## [What you are asked to do]
From the records below, extract only the lines running from the line with "Sabremos si esta" to the line with "Herren Polo Bowling", both lines included, reproducing them exactly.

-------- Provided information --------

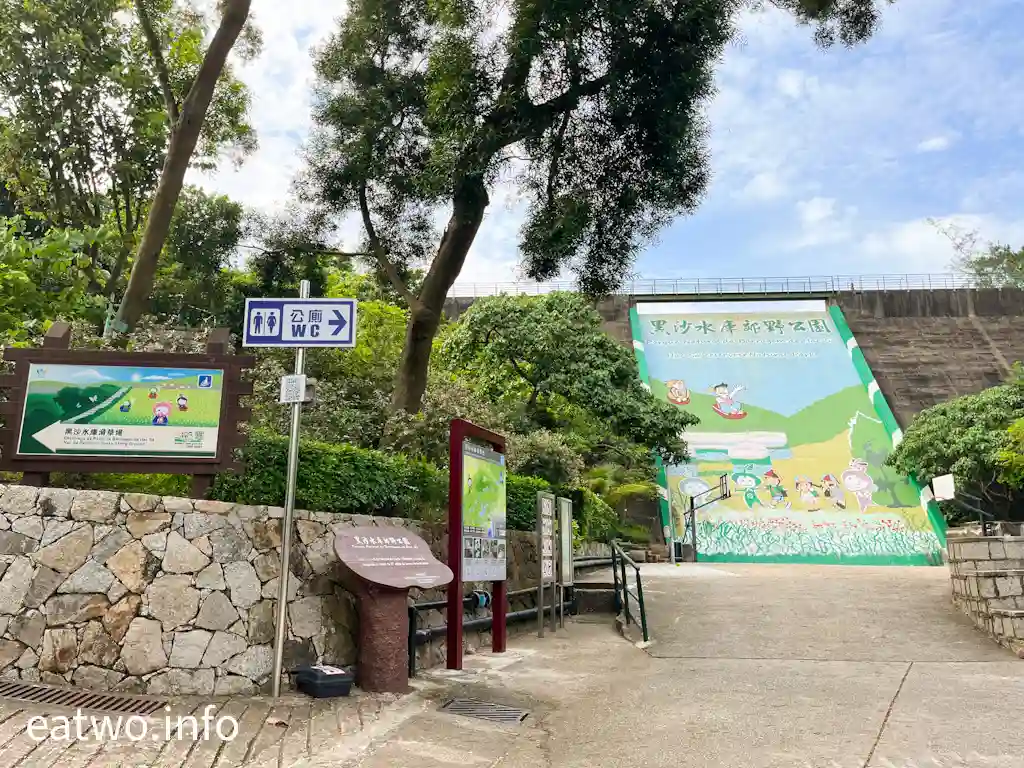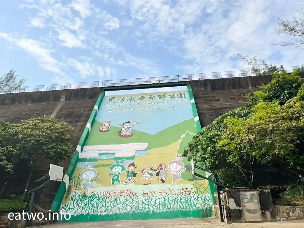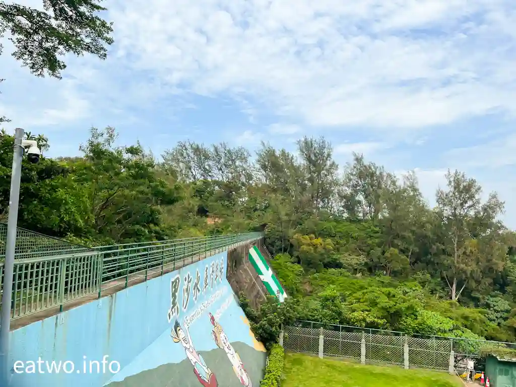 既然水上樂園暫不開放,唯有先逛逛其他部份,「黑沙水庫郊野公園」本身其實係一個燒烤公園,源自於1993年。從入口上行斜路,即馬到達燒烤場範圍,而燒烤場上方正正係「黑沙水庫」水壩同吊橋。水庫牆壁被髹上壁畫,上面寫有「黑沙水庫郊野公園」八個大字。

--------
-------- Provided information --------

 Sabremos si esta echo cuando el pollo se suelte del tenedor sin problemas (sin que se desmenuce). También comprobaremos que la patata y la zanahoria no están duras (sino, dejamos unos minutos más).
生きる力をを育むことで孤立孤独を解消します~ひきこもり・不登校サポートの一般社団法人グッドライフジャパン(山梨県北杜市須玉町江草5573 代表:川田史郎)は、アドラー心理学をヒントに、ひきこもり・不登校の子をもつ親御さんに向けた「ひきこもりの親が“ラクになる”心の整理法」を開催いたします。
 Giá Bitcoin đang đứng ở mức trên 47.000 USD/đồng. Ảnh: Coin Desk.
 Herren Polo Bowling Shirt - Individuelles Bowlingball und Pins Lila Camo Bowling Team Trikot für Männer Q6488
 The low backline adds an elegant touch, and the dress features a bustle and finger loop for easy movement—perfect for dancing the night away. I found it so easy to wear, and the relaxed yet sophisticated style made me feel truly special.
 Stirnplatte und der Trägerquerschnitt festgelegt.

--------

## [Solved exercise]
 Sabremos si esta echo cuando el pollo se suelte del tenedor sin problemas (sin que se desmenuce). También comprobaremos que la patata y la zanahoria no están duras (sino, dejamos unos minutos más).
生きる力をを育むことで孤立孤独を解消します~ひきこもり・不登校サポートの一般社団法人グッドライフジャパン(山梨県北杜市須玉町江草5573 代表:川田史郎)は、アドラー心理学をヒントに、ひきこもり・不登校の子をもつ親御さんに向けた「ひきこもりの親が“ラクになる”心の整理法」を開催いたします。
 Giá Bitcoin đang đứng ở mức trên 47.000 USD/đồng. Ảnh: Coin Desk.
 Herren Polo Bowling Shirt - Individuelles Bowlingball und Pins Lila Camo Bowling Team Trikot für Männer Q6488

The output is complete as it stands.